For they admit of many variations of all sorts in respect both of
the magnitude of the service and of its nobility necessity. But that
we should not give the preference in all things to the same person
is plain enough; and we must for the most part return benefits
rather than oblige friends, as we must pay back a loan to a creditor
rather than make one to a friend. But perhaps even this is not
always true; e. g. should a man who has been ransomed out of the
hands of brigands ransom his ransomer in return, whoever he may be (or
pay him if he has not been captured but demands payment) or should
he ransom his father? It would seem that he should ransom his father
in preference even to himself. As we have said, then, generally the
debt should be paid, but if the gift is exceedingly noble or
exceedingly necessary, one should defer to these considerations. For
sometimes it is not even fair to return the equivalent of what one has
received, when the one man has done a service to one whom he knows
to be good, while the other makes a return to one whom he believes
to be bad. For that matter, one should sometimes not lend in return to
one who has lent to oneself; for the one person lent to a good man,
expecting to recover his loan, while the other has no hope of
recovering from one who is believed to be bad. Therefore if the
facts really are so, the demand is not fair; and if they are not,
but people think they are, they would be held to be doing nothing
strange in refusing.
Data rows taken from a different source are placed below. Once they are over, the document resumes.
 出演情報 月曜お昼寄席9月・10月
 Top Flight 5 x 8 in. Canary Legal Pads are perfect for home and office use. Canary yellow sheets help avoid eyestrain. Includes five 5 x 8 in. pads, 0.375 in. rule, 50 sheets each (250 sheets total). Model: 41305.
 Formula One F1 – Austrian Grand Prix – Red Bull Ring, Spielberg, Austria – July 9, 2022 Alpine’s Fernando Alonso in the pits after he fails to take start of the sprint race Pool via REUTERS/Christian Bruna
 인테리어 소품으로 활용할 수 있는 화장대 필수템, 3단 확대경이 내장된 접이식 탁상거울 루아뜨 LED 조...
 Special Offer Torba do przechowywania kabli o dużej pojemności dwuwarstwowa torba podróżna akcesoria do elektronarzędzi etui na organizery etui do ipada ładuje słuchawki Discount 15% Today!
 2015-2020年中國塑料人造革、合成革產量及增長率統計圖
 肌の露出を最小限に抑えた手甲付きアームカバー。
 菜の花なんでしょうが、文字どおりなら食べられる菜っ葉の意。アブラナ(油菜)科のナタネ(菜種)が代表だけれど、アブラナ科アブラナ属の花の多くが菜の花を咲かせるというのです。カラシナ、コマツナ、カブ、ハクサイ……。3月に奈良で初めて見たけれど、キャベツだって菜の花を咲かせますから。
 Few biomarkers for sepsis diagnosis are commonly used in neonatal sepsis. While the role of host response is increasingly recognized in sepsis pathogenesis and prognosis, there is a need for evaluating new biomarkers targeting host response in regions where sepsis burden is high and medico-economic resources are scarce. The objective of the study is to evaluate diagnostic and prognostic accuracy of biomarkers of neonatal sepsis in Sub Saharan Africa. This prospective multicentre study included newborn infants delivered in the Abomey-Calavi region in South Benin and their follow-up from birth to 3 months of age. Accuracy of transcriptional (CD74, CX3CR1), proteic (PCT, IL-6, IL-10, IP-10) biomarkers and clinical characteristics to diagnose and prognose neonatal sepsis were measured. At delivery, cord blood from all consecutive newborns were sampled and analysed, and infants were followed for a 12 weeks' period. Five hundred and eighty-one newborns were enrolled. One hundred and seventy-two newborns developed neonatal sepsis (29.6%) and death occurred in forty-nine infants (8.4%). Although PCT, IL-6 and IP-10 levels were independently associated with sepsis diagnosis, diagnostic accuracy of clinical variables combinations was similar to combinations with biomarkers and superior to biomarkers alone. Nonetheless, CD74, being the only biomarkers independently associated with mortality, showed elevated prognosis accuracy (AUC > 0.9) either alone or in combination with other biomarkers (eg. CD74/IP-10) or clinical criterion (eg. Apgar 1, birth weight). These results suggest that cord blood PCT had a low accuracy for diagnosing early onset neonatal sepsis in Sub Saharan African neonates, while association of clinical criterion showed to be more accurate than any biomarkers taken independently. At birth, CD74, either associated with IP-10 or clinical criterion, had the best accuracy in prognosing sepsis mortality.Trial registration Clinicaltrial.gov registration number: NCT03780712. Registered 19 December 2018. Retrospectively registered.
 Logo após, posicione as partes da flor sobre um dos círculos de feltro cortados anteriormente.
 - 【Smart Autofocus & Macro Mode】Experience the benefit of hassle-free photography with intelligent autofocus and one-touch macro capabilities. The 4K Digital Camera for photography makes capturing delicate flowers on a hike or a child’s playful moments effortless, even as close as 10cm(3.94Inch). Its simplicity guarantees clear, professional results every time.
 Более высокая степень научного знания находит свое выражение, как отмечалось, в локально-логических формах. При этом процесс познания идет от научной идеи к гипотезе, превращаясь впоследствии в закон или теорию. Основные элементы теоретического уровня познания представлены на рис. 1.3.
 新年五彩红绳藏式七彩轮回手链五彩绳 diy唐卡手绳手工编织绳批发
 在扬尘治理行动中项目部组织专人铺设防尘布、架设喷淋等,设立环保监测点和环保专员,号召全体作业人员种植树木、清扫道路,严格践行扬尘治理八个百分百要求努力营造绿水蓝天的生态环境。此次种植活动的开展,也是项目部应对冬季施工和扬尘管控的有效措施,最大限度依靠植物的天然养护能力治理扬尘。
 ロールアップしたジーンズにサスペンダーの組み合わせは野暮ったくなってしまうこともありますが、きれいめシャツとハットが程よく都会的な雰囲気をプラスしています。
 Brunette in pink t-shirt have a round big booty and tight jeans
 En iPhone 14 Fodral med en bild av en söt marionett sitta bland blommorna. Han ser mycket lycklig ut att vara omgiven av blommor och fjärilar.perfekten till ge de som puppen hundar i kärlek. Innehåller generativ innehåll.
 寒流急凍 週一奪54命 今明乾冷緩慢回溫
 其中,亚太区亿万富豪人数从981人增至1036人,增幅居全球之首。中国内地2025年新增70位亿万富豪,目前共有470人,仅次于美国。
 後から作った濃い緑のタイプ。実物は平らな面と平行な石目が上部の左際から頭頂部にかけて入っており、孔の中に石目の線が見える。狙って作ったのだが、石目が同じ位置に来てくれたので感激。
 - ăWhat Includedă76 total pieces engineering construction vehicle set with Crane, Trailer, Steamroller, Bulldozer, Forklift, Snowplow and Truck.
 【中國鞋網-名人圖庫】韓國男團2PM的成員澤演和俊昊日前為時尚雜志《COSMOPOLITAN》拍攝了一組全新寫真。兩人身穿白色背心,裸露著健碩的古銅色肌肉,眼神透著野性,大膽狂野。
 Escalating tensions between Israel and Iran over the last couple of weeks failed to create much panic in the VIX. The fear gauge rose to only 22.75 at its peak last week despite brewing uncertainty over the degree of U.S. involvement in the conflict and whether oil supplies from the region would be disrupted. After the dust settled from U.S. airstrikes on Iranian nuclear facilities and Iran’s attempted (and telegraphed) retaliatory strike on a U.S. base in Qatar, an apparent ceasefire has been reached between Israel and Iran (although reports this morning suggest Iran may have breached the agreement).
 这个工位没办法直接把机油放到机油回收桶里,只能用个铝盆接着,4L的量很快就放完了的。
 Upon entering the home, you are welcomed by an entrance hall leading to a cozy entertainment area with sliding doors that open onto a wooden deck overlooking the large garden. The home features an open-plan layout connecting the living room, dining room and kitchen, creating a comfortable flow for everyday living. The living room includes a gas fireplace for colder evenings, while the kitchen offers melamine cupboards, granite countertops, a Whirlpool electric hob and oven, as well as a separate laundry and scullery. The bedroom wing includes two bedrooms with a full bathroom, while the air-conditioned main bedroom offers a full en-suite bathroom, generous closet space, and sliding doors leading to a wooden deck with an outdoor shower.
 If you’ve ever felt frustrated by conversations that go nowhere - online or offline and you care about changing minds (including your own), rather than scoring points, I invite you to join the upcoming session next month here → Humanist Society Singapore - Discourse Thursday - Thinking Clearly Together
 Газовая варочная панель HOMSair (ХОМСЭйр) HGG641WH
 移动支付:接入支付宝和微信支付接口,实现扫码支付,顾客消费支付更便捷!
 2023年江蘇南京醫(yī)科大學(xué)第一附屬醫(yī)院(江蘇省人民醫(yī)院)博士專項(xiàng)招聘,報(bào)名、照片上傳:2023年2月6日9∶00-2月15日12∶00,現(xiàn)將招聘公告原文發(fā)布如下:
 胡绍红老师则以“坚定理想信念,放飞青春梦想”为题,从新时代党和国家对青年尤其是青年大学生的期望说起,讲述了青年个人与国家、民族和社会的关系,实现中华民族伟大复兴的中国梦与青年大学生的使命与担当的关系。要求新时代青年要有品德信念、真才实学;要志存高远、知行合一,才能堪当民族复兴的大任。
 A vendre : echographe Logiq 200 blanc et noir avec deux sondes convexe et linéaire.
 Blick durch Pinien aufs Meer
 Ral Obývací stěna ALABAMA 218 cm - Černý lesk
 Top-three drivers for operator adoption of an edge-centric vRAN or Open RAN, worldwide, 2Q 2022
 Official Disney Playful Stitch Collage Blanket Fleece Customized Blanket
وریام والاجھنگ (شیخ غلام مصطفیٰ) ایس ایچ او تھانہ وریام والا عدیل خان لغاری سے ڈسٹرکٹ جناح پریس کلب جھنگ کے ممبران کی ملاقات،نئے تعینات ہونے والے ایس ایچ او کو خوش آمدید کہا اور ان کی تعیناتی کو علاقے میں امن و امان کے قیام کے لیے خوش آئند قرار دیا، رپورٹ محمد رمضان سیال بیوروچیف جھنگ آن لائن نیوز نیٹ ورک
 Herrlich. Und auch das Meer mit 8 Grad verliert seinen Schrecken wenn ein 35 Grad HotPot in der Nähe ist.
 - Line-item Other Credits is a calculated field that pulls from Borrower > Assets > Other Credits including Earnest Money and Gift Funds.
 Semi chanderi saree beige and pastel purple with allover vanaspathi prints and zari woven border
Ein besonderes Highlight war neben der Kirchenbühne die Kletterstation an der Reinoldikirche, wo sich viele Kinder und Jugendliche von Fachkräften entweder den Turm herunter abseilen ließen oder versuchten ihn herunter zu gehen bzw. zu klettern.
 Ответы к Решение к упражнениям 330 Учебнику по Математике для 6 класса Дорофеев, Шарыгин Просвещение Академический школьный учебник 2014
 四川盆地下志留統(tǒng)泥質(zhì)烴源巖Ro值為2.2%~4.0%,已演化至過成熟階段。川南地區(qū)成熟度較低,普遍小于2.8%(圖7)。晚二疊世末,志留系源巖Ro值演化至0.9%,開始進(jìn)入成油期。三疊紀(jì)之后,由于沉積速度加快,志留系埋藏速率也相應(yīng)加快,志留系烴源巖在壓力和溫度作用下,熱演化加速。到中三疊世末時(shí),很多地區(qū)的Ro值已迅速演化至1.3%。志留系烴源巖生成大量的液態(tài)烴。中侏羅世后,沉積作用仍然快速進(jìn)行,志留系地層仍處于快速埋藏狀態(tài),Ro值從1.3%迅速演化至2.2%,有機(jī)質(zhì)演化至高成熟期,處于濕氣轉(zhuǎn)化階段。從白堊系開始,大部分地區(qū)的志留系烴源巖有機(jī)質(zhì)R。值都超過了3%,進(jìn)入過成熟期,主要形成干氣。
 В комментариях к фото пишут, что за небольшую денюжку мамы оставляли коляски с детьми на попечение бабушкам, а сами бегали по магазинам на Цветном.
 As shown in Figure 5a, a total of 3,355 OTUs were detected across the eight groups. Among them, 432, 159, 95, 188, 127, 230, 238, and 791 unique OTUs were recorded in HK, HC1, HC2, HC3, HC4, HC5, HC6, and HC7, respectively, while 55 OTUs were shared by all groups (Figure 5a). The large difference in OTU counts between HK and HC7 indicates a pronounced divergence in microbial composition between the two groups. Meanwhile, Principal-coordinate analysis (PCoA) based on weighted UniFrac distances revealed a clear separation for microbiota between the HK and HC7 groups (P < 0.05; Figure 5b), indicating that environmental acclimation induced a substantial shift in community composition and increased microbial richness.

As we have often pointed out, then, discussions
about feelings and actions have just as much definiteness as their
subject-matter.
That we should not make the same return to every one, nor give a
father the preference in everything, as one does not sacrifice
everything to Zeus, is plain enough; but since we ought to render
different things to parents, brothers, comrades, and benefactors, we
ought to render to each class what is appropriate and becoming. And
this is what people seem in fact to do; to marriages they invite their
kinsfolk; for these have a part in the family and therefore in the
doings that affect the family; and at funerals also they think that
kinsfolk, before all others, should meet, for the same reason. And
it would be thought that in the matter of food we should help our
parents before all others, since we owe our own nourishment to them,
and it is more honourable to help in this respect the authors of our
being even before ourselves; and honour too one should give to one's
parents as one does to the gods, but not any and every honour; for
that matter one should not give the same honour to one's father and
one's mother, nor again should one give them the honour due to a
philosopher or to a general, but the honour due to a father, or
again to a mother. To all older persons, too, one should give honour
appropriate to their age, by rising to receive them and finding
seats for them and so on; while to comrades and brothers one should
allow freedom of speech and common use of all things. To kinsmen, too,
and fellow-tribesmen and fellow-citizens and to every other class
one should always try to assign what is appropriate, and to compare
the claims of each class with respect to nearness of relation and to
virtue or usefulness. The comparison is easier when the persons belong
to the same class, and more laborious when they are different. Yet
we must not on that account shrink from the task, but decide the
question as best we can.
3
Another question that arises is whether friendships should or should
not be broken off when the other party does not remain the same.